Segundo a chamada Pesquisa de Comunidades Americanas, conduzida anualmente pelo Censo, 95% dos trabalhadores domésticos nos EUA são mulheres. Cada vez mais, são também imigrantes.

Nas regiões metropolitanas pesquisadas, assim como na amostra da pesquisa, 60% dos trabalhadores domésticos são latinos. Apenas um em cada cinco é nascido nos EUA, e só um terço tem a cidadania.

Linda Burnham diz que mesmo os estrangeiros legalmente documentados recebem menos do que os cidadãos americanos. "É basicamente uma punição salarial por não ser cidadão", diz. "Mas mesmo entre os americanos é um trabalho complicado. A relação patrão-empregado é muito pessoal e muitas vezes os empregadores não se veem como tal. Outro dia eu estava conversando com uma mulher de Atlanta, afroamericana, que fica sem salário cada vez que a família para quem ela trabalha tira férias", descreve.

"(Nesse ramo) quase não existem férias remuneradas, a maioria dos trabalhadores não tem contrato – apenas um acordo informal –, e os patrões determinam que horas o trabalho começa, mas nunca quando termina. O dia se estende até altas horas e você continua ganhando US$ 200 por semana."

Burnham diz que os estrangeiros indocumentados, em particular, estão mais vulneráveis quando se trata de reclamar seus direitos trabalhistas. Na pesquisa, 85% dos que sofreram abuso evitaram levar o caso adiante por medo de ter seu status usado contra si. Não há dados em relação à legalidade ou não desses profissionais no país – na amostra pesquisada, os documentados eram um pouco mais numerosos que os indocumentados (53% a 47%).

Legislação

A pesquisa ouviu apenas trabalhadores domésticos que negociam diretamente com seus patrões, obtendo seu emprego através de indicações ou anúncios de classificados.
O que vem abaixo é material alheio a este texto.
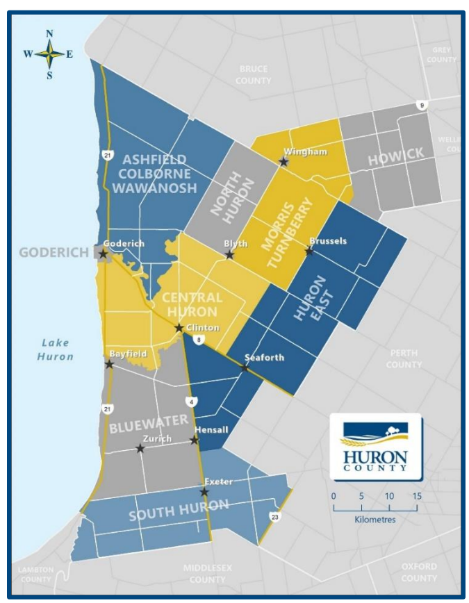
Huron County Map
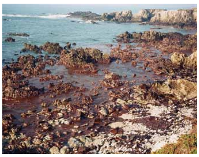
Figure 4: Emulsified heavy fuel oil, highly viscous and brown in colour.
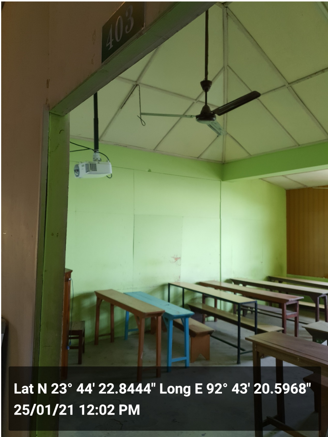
403 – 3 & 4 th Sem BCA Room
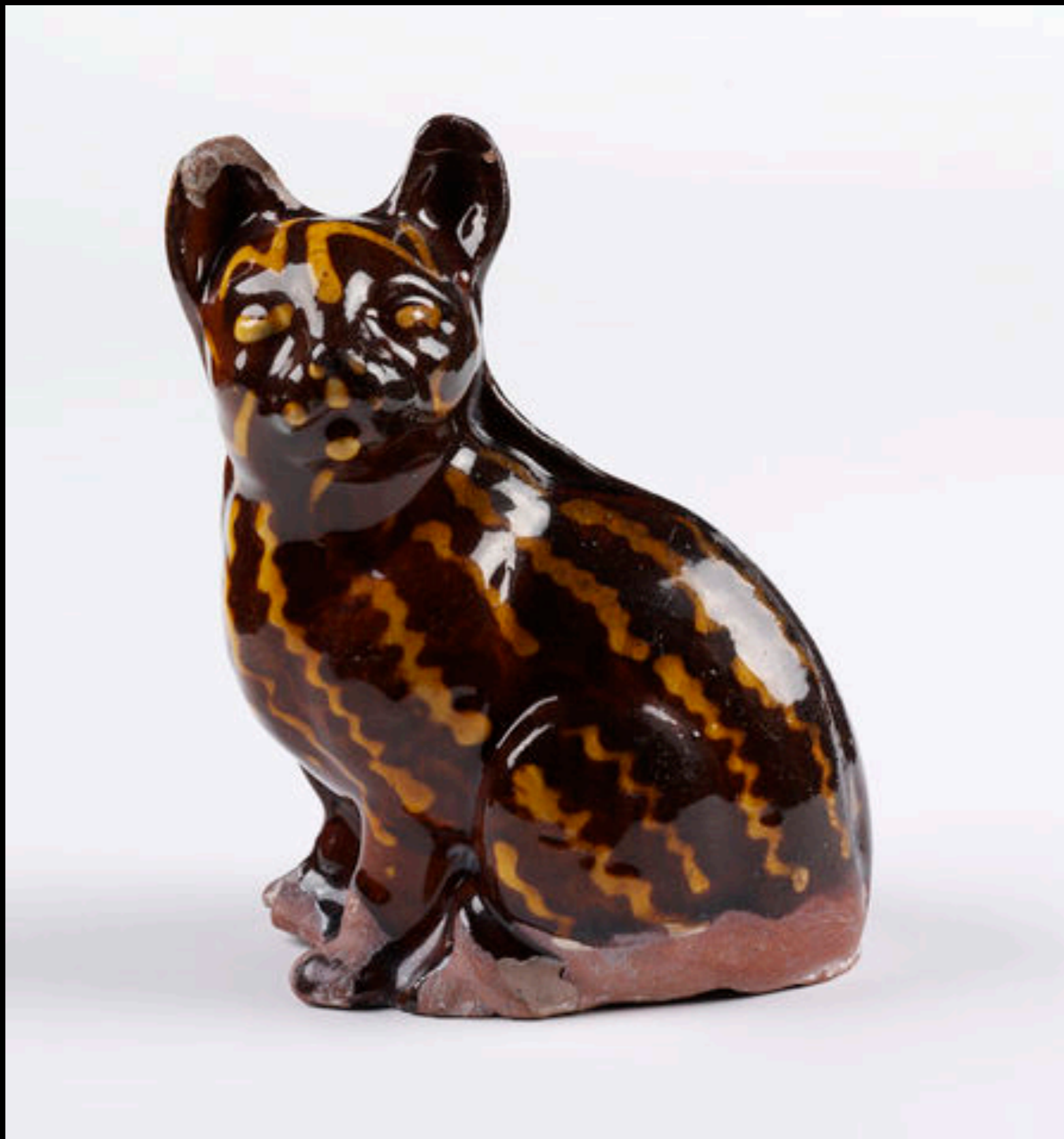
English Lead Glazed Slip Decorated Earthenware Cat 18th Century (Victoria & Albert)
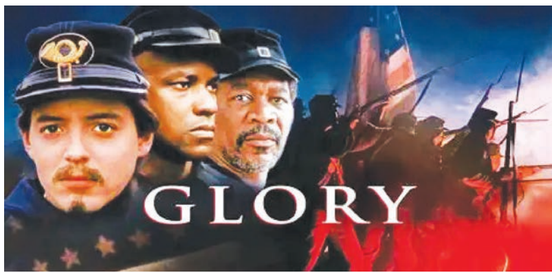
The 1989 film Glory will be screened on April 23 at Greenwood Features as part of Redding Celebrates America 250.
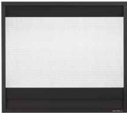
FIRESCREEN Included standard. Available in black only.
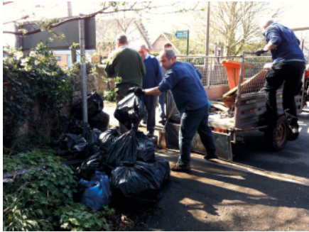
Big Firbeck Clean Up Underway

regularly use the bus to meet, chat, choose and order books as well as using the expert knowledge provided by the librarians. Firbeck Readers Group always get their readers sets through this facility. I, for one, would miss the mobile library and am conscious that, as I get older, I will find it more difficult to get to Maltby library especially as there are no longer buses going in that direction.
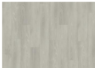
Yukon - Click 5 mm
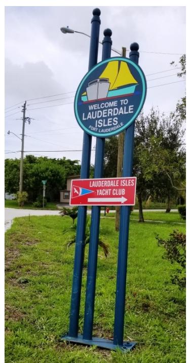
A bent metal base & cracked concrete footing by a hit & run on June 13.

Lately, life is tough for signs in Lauderdale Isles.

Dados do Censo indicam que existem entre 700 mil e 800 mil empregados com estas condições nos EUA. Mais difícil, entretanto, é precisar quantos trabalham para agências de empregos, afirma a pesquisadora.
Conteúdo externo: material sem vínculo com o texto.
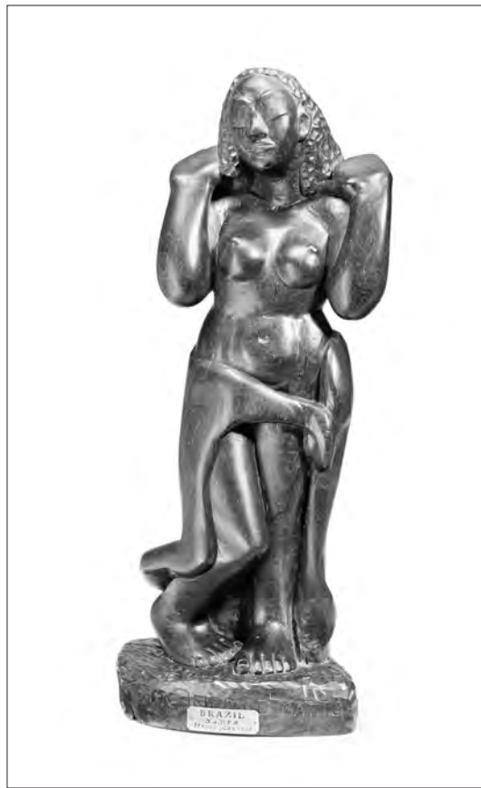
Fig. 3 Maria Martins, Samba , Jacaranda, unknown date, I.B.M. Collection ( Art News , January 15-31, 1942, 19).

Maria’s sculpture and its reception by the surrealists created a dialogue on freedom from many different perspectives: political liberation from colonialism, freedom to experiment with new sculptural form, rebirth and transformation in the face of the horrors
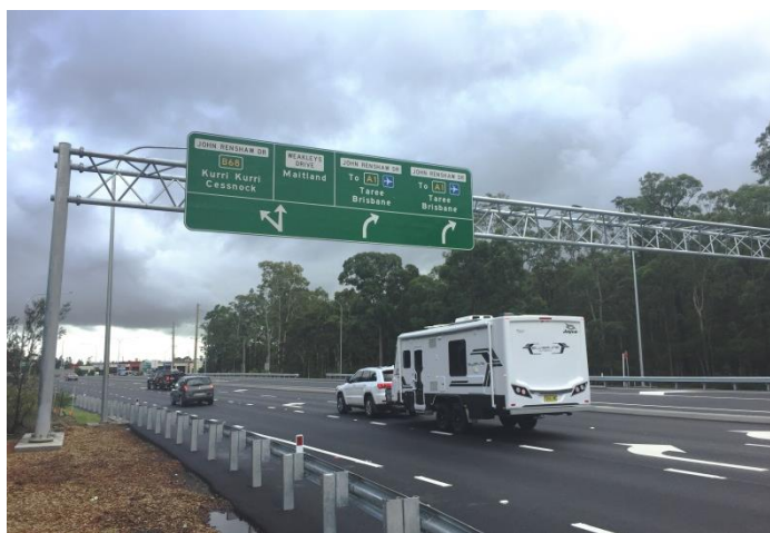
Large gantry and signs installed above M1 travel lanes

The $33.6 million upgrade makes it easier for commuters, heavy vehicle operators and holiday makers to share the road and get to their destination safely.
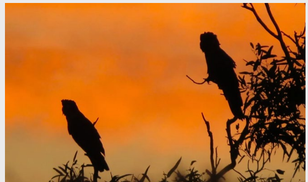
Image: Silhouette of Carnaby's Black Cockatoos spotted during the Great Cocky Count.

The program aims to protect and restore the habitat of this iconic bird. The Great Cocky Count is an annual event supporting conservation efforts for these cockatoos as they face significant threats. This year, the NACC NRM team partnered with BirdLife WA to set up roosting sites, one in the Shire of Irwin and another in Chapman Valley, to count and observe the cockatoos.
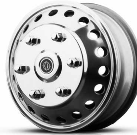
Steel Wheels Standard - With Wheel Simulators
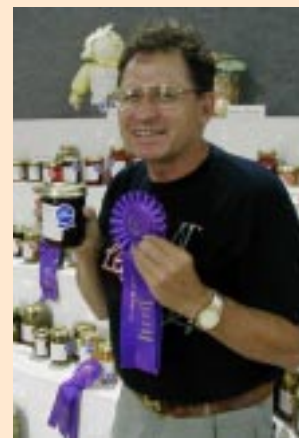
(Right) Winning static exhibits are a source of pride for all ages. (Far right) A youth lassos a steer dummy in the 4-H Horse Roping show. (Below) 4-H'ers model clothing they made during the Style Revue.
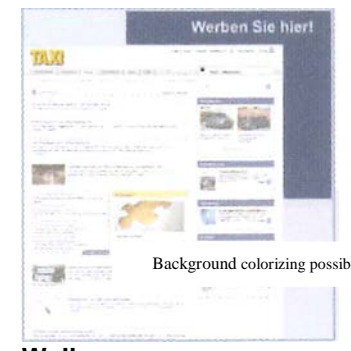
Wallpaper Size: Superbanner and Skyscraper

Se o entendimento deste setor ainda é fracionado nos EUA, igualmente é o trabalho das entidades trabalhistas para mudar a legislação.

Em nível federal, elas consideram que seria muito difícil avançar projetos no Congresso, relutante em reforçar proteções trabalhistas por medo de ferir o "livre mercado" e avesso a passar medidas que favoreçam os imigrantes ilegais.

A solução tem sido lutar para incluir a categoria nas legislações estaduais – Estado por Estado. Depois de mais de meia década de pressão, Nova York foi o primeiro a assinar uma legislação específica de proteção para trabalhadores domésticos.

Um projeto semelhante chegou a ser aprovado no Legislativo da Califórnia, mas o governador Jerry Brown vetou a legislação em outubro passado. Em 2011, a Organização Internacional do Trabalho (OIT) aprovou uma convenção sobre os direitos dos trabalhadores domésticos, a fim de beneficiar os 53 milhões de empregados nestas atividades em todo o mundo.

A convenção 189 estabelece a igualdade em relação a outras profissões e determina que os países que adotem o acordo definam direitos mínimos, como regulamentação por contrato, horas, intervalos, férias e contribuições. O primeiro país a ratificar a convenção foi o Uruguai, em abril deste ano. O Brasil ainda não o fez.

"Existem regulamentações: se você trabalha quatro horas para alguém, precisa de um intervalo para o almoço. Outras profissões são cobertas por essa legislação. Se trabalha mais de oito horas por dia, precisa ganhar hora extra", diz Linda Burnham. "Muitos empregadores querem fazer as coisas corretamente, e uma parte do nosso trabalho também é educá-los. Mesmo que tenham diaristas que venham um ou dois dias por semana, se é uma relação contínua, de 52 semanas por ano, eles precisam pagar os impostos e as contribuições."

"São direitos que no século 21 os empregadores teriam de entender e garantir. Mas não é sempre o caso. Às vezes ouço histórias e penso, isso não é possível. Mas é."